### ASSIGNMENT:
Your copy should hold only the lines from the one with "11. ST. JOHN THE BAPTIST CHURCH" to the one with "Photo courtesy of", both included, each exactly as it stands below, with no pictures.

### STORED DATA:
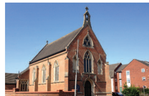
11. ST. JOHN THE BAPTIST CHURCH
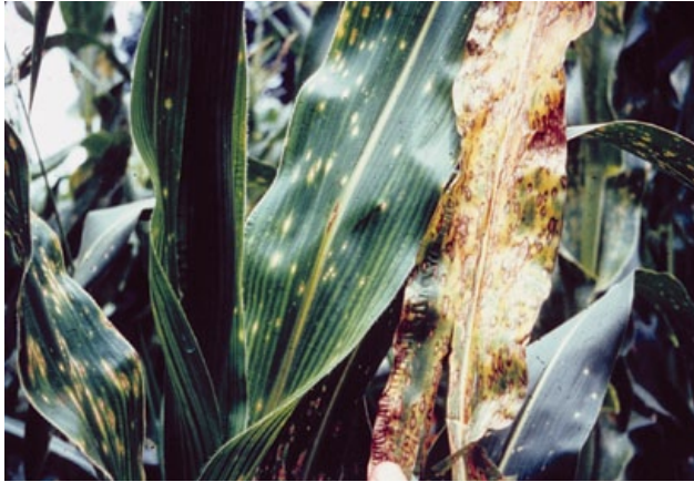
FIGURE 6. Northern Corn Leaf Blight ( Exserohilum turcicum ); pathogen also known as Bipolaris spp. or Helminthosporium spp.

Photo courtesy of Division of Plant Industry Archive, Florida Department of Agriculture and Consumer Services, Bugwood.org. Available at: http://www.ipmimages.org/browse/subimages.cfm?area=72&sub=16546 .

--

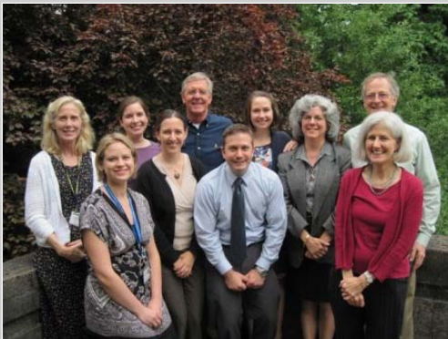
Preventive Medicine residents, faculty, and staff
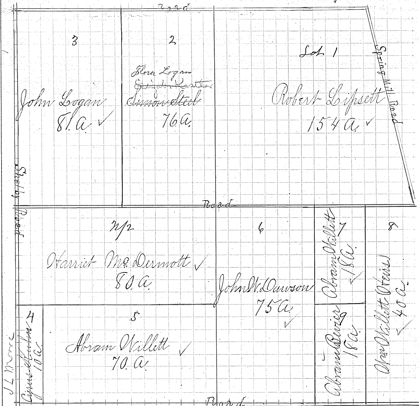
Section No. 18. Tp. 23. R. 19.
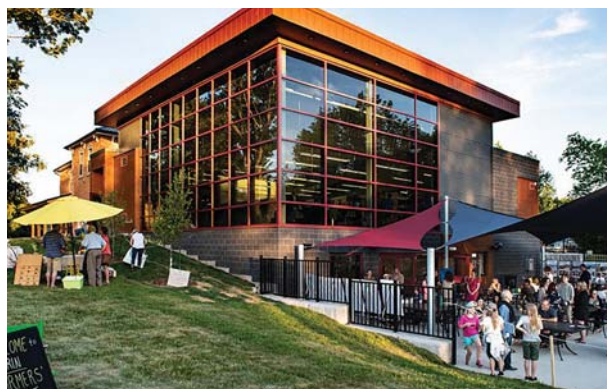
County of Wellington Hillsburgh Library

### WORKED SOLUTION:
11. ST. JOHN THE BAPTIST CHURCH
FIGURE 6. Northern Corn Leaf Blight ( Exserohilum turcicum ); pathogen also known as Bipolaris spp. or Helminthosporium spp.

Photo courtesy of Division of Plant Industry Archive, Florida Department of Agriculture and Consumer Services, Bugwood.org. Available at: http://www.ipmimages.org/browse/subimages.cfm?area=72&sub=16546 .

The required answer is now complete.